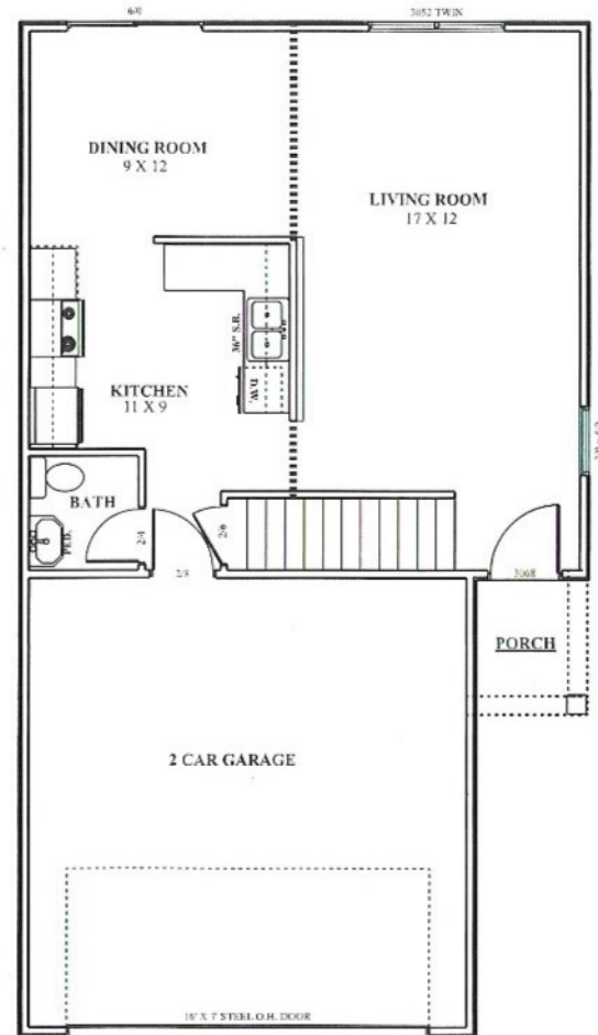
THE "CAMBRIDGE" FLOOR PLAN 1455 SQ. FT.
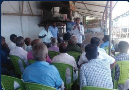
Farmers, Ayan Pommaiyapuram, Tuticorin

We conducted the training program to farmers in Tamilnadu. During the training we have covered topics like natural farming, Muti Corps System, Water harvesting, Kitchen Garden, bore well system and save water. Training is given by Mr.Kannan, Farming Consultant. In this training we have covered around 66 people in 2 places in 2 zones in districts.
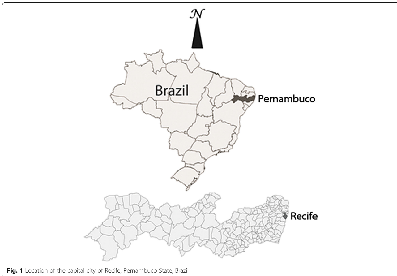
Fig. 1 Location of the capital city of Recife, Pernambuco State, Brazil

indicator used. It establishes intra-strata homogeneity and between-strata heterogeneity. Statistically, this aims to maximize the variance between the groups and minimize the variance within each group.
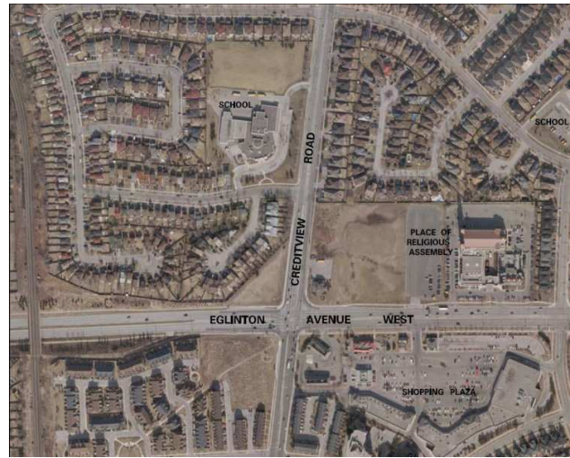
Figure 3-5: Grid roads gave way to circuitous road patterns and cul-de-sacs to discourage traffic from cutting through neighbourhoods; tall noise walls were erected along major streets to shield neighbourhoods from traffic noise.

As the population grew from 33,000 in 1951, infrastructure improvements, residential expansion, and industrial and commercial development ensued. Lands were no longer developed into small town-scaled parcels but instead large tracts of land were planned for residential and industrial subdivisions. In general, residential and industrial/employment uses were separated in the city.
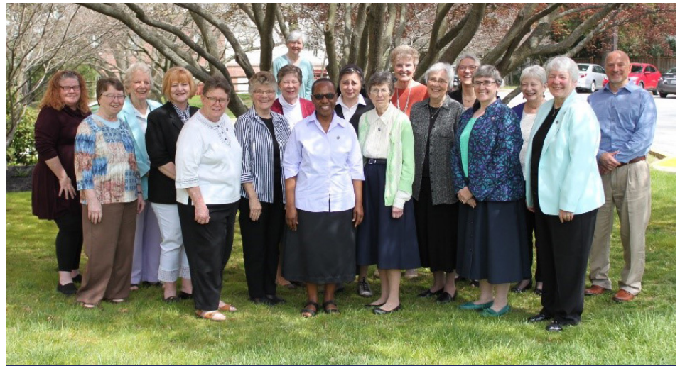
General Council, AM Council and AM province directors April 13, 2022.

Since the last issue, we not only celebrated Easter but lived through an entire Easter Season. Scripture recounts for us Jesus' many appearances to people he was close to during his lifetime. We heard accounts of Jesus appearing first to Mary Magdalene at the tomb, then to the other women as they return from the tomb, to Simon Peter, to the disciples on the road to Emmaus, and later the disciples in the upper room - first without, then with Thomas, to the seven disciples at work, fishing at the Sea of Tiberius. He appeared to the 11 disciples at an appointed place on a mountain in Galilee, where Jesus gives the "Great Commission". Jesus appeared to 500 brethren at once and was seen by his brother James. He was seen ascending into Heaven by the apostles and others, but
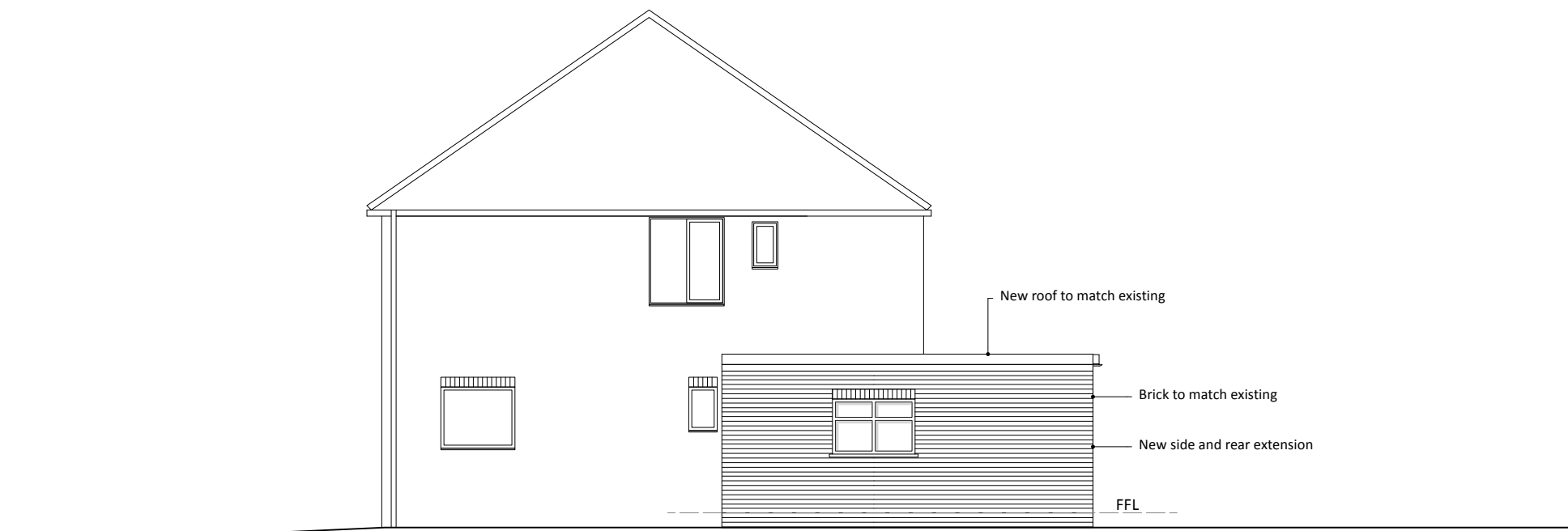
2 NORTH WEST
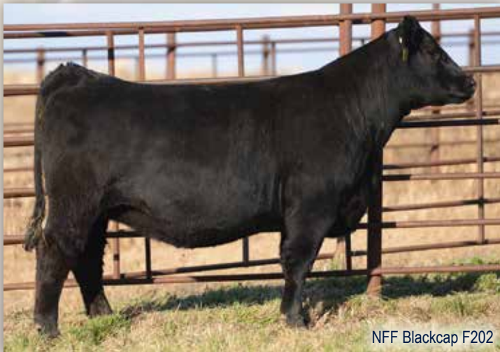
NFF Blackcap F202

PE to SS Great Northern H52, AAA#18300655 confirmed safe estimated due 3/12/20.
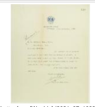
Letter from [Wm Ide] (2021_07_10668)
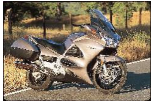
Kevin Wing /Rider Report

Start them up and each four-cylinder engine is a marvel of smoothness and power. Out on the road the Yamaha feels aggressive, like a big-inch supersport that grew a fairing and bags. The Honda, by contrast, seems designed from the beginning as a sport tourer. Its pleasing mechanical purr becomes a snarl in the upper rpm ranges. While the Yamaha peaks at 124.5 rear-wheel horsepower at 7,850 rpm and puts out 90.1 pounds-feet of torque at 6,700, the Honda cranks out 111.3 peak rear-wheel horsepower at 7,700 rpm, and makes 83.6 pounds-feet of torque at 6,100 rpm. Both have steep horsepower graph lines and hugely broad powerbands,
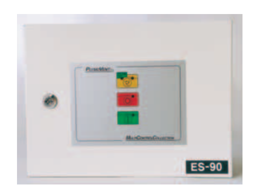
PlymoVent offers you a clean working environment at the right price.

advantage of the ES-90. Just add Control Unit M-1000 for the central duct propeller fan and your system will be fully automatic.
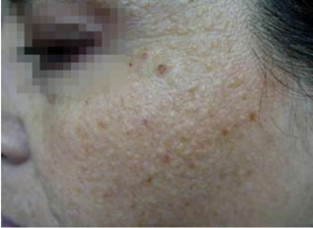
Figure 1. Millimetric, skin-colored papules on the left cheek and temporal region.

The women presented numerous depressed pinpoint scars and multiple, hard, asymptomatic, skin-colored papules of 2 to 3 mm in diameter (Figures 1 and 2). There were no other significant clinical findings.
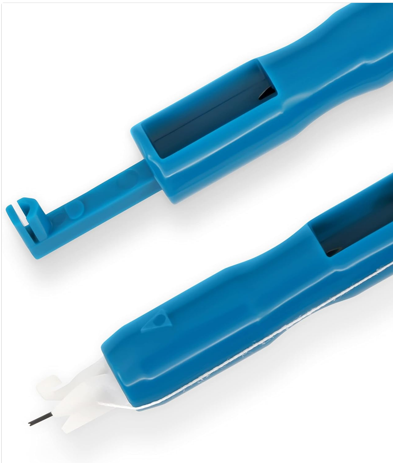
Image: Demonstrates threading a needle on a sewing machine using the Dritz tool.
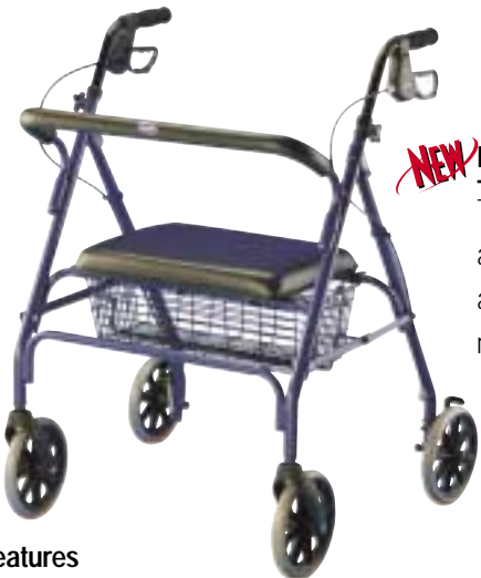
NEW Model no. 66500

The Invacare Heavy-Duty Dual-Release Adult Paddle Walker is strong, stable and simple to use, helping individuals to walk with confidence and ease. This walker also is compatible with Invacare leg accessories.
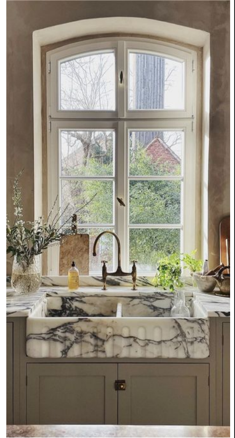
Reference - Sink unit in front of existing window

Income cold/hot water and waste pipe hidden under sink
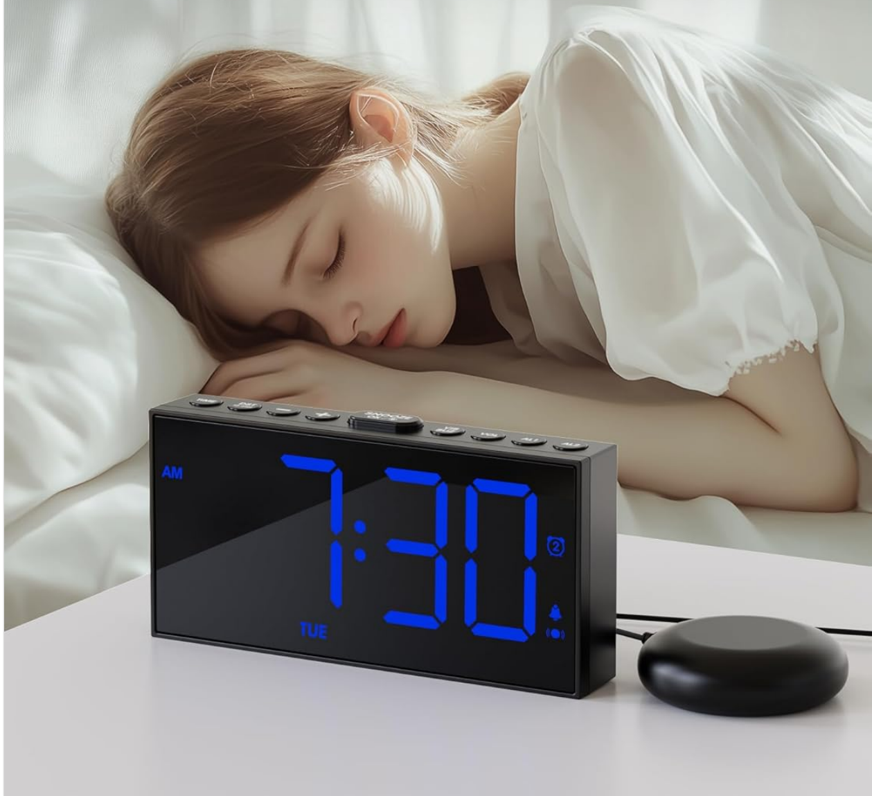
Image: Set two separate alarms with options for everyday, weekday, or weekend wake-up.
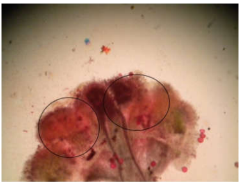
Fig.1: Presence of esterase over stigmatic surface.

+++ : High. ++ : Moderate. + : Low. --- : Absence
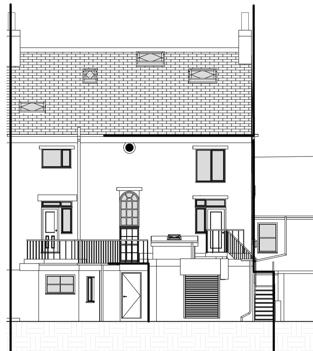
Existing West Elevation (Rear) 1:100 Scale
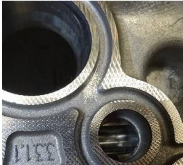
Figure 6. After the repair.
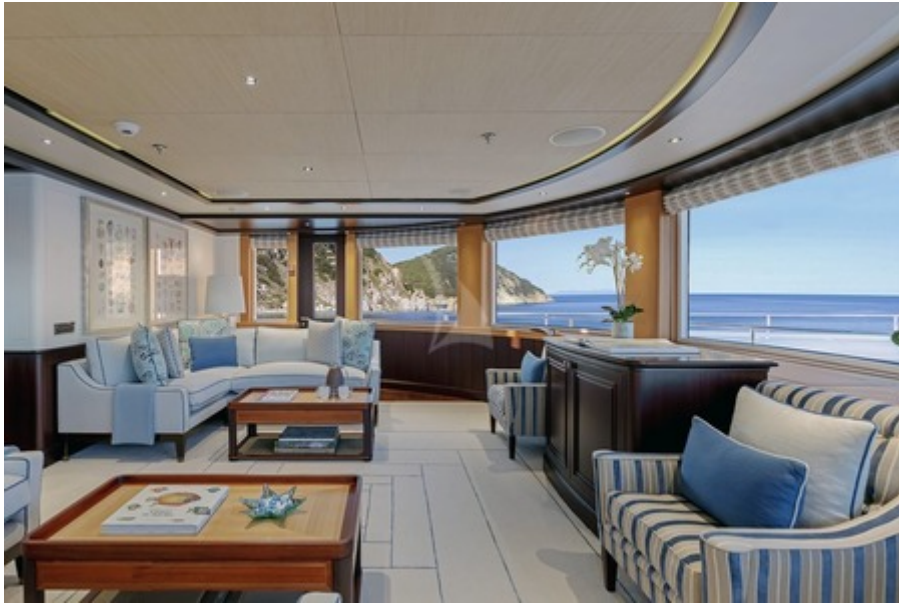
Upper deck - Observation lounge
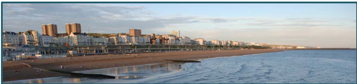
Easterly views towards Marine Parade, Brighton

The charging area covers the administrative area of Brighton and Hove City Council excluding the South Downs National Park area. The National Park Authority is the charging authority for its own CIL Charging Schedule implemented on 1st April 2017.
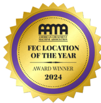
Elev8 Adventure Park
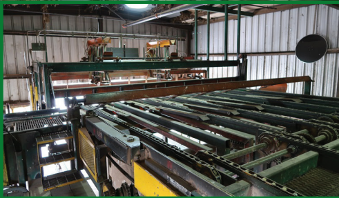
USNR/LUNDEN 16' LH HYDRAULIC OPERATED SAWMILL STACKER
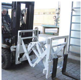
伸缩叉架 Load Extenders

Distribution facilities can benefit from the speed and versatility the Layer Picker offers. When building mixed-load pallets, the Cascade Layer Picker handles single layers or multiple layers of both canned & bottled product. Replace costly manual labor with the versatile Cascade Layer Picker.
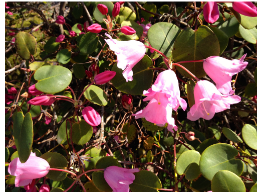
Pink bell-shaped rhododendron
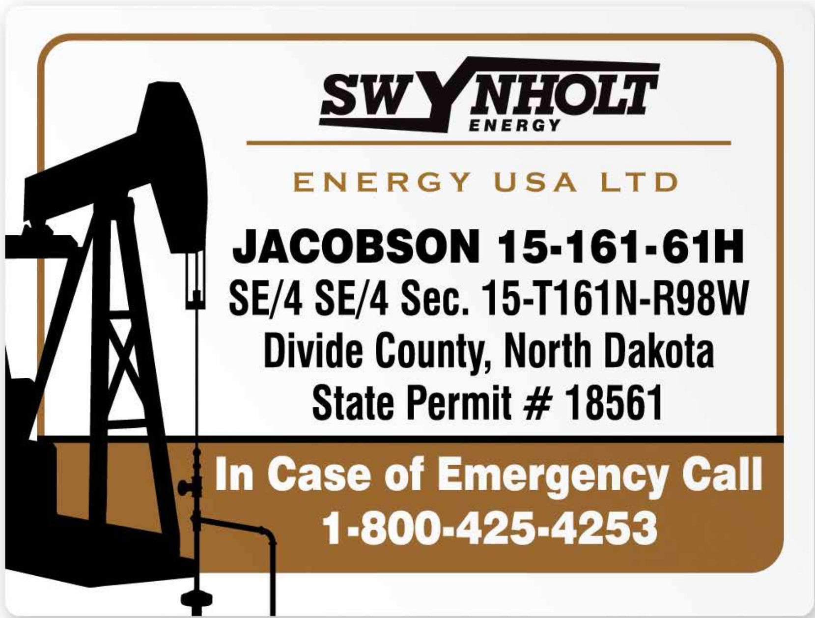
Custom Well-Lease signs for the Oil & Gas Industry.
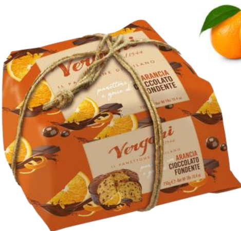
Chocolate & Orange Panettone with chocolate drops, and candied orange peel 750g x 8 VER9178
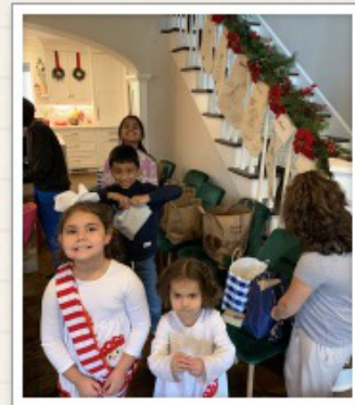
GUPTA KIDS STUFF COSMETIC BAGS
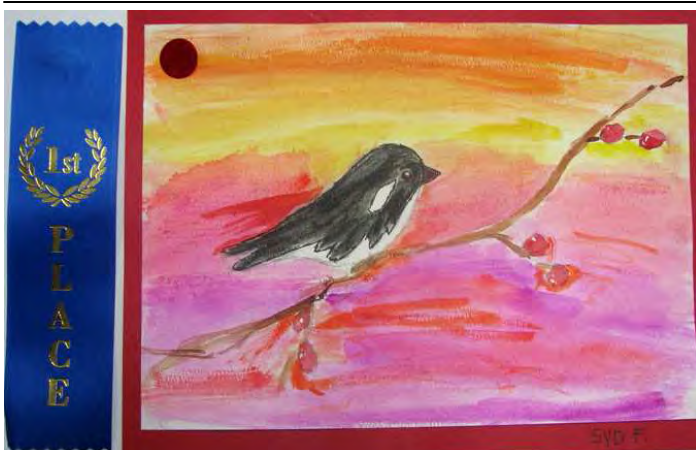
Syd F.'s winning entry in the 6-8 age category.

Looking for a unique gift? Consider a bird case sponsorship.

▶ **EXERCISE REQUIREMENTS**: What are the lines above from the one with "Figure 1. Millimetric, skin-colored" to the one with "Image: Demonstrates threading", both included? Reproduce them exactly, without pictures.

▶ **ANSWER TO THE PROBLEM**:
Figure 1. Millimetric, skin-colored papules on the left cheek and temporal region.

The women presented numerous depressed pinpoint scars and multiple, hard, asymptomatic, skin-colored papules of 2 to 3 mm in diameter (Figures 1 and 2). There were no other significant clinical findings.
Image: Demonstrates threading a needle on a sewing machine using the Dritz tool.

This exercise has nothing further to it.